Paper-based colorimetric enzyme linked immunosorbent assay fabricated by laser induced forward transfer.

机构信息

Optoelectronics Research Centre, University of Southampton, Highfield, Southampton SO17 1BJ, United Kingdom.

Clinical and Experimental Science, Faculty of Medicine and Institute for Life Sciences, University of Southampton and NIHR Wellcome Trust Clinical Research Facility and Respiratory Biomedical Research Unit, University Hospital Southampton NHS Foundation Trust, Southampton, United Kingdom.

出版信息

Biomicrofluidics. 2014 May 19;8(3):036502. doi: 10.1063/1.4878696. eCollection 2014 May.

DOI:10.1063/1.4878696
PMID:24926392
原文链接:https://pmc.ncbi.nlm.nih.gov/articles/PMC4032417/
Abstract

We report the Laser Induced Forward Transfer (LIFT) of antibodies from a liquid donor film onto paper receivers for application as point-of-care diagnostic sensors. To minimise the loss of functionality of the active biomolecules during transfer, a dynamic release layer was employed to shield the biomaterial from direct exposure to the pulsed laser source. Cellulose paper was chosen as the ideal receiver because of its inherent bio-compatibility, liquid transport properties, wide availability and low cost, all of which make it an efficient and suitable platform for point-of-care diagnostic sensors.
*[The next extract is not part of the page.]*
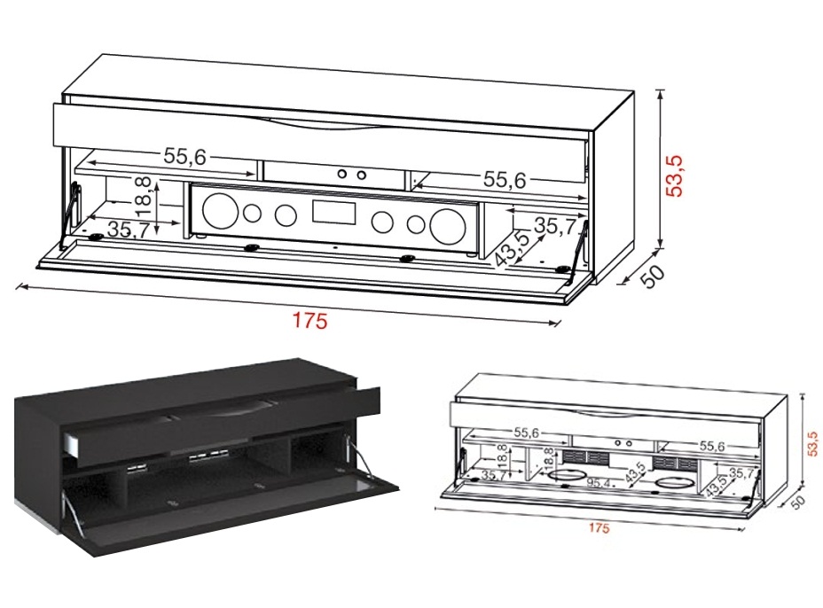 Дополнительно | длинная стеклянная белая тумба под большие телевизоры (до 70 кг) с плавно откидывающейся дверкой и выдвижным ящиком |

Both enzyme-tagged and untagged IgG antibodies were LIFT-printed and their functionality was confirmed via a colorimetric enzyme-linked immunosorbent assay. Localisation of the printed antibodies was exhibited, which can allow the creation of complex 2-d patterns such as QR codes or letters for use in a final working device. Finally, a calibration curve was determined that related the intensity of the colour obtained to the concentration of active antibodies to enable quantitative assessment of the device performance. The motivation for this work was to implement a laser-based procedure for manufacturing low-cost, point-of-care diagnostic devices on paper.

摘要

我们报告了从液体供体薄膜向纸接收器进行激光诱导正向转移(LIFT),以将抗体用作即时诊断传感器。为了在转移过程中最小化活性生物分子的功能损失,采用了动态释放层将生物材料屏蔽在脉冲激光源之外。由于纤维素纸具有固有的生物相容性、液体传输性能、广泛的可用性和低成本,因此它是即时诊断传感器的高效且合适的平台。酶标记和未标记的 IgG 抗体都通过 LIFT 进行打印,并通过比色酶联免疫吸附测定法确认其功能。显示了打印抗体的定位,这可以允许创建复杂的 2D 图案,如 QR 码或字母,用于最终的工作设备。最后,确定了校准曲线,该曲线将获得的颜色强度与活性抗体的浓度相关联,从而能够对设备性能进行定量评估。这项工作的动机是在纸上实施基于激光的低成本即时诊断设备制造程序。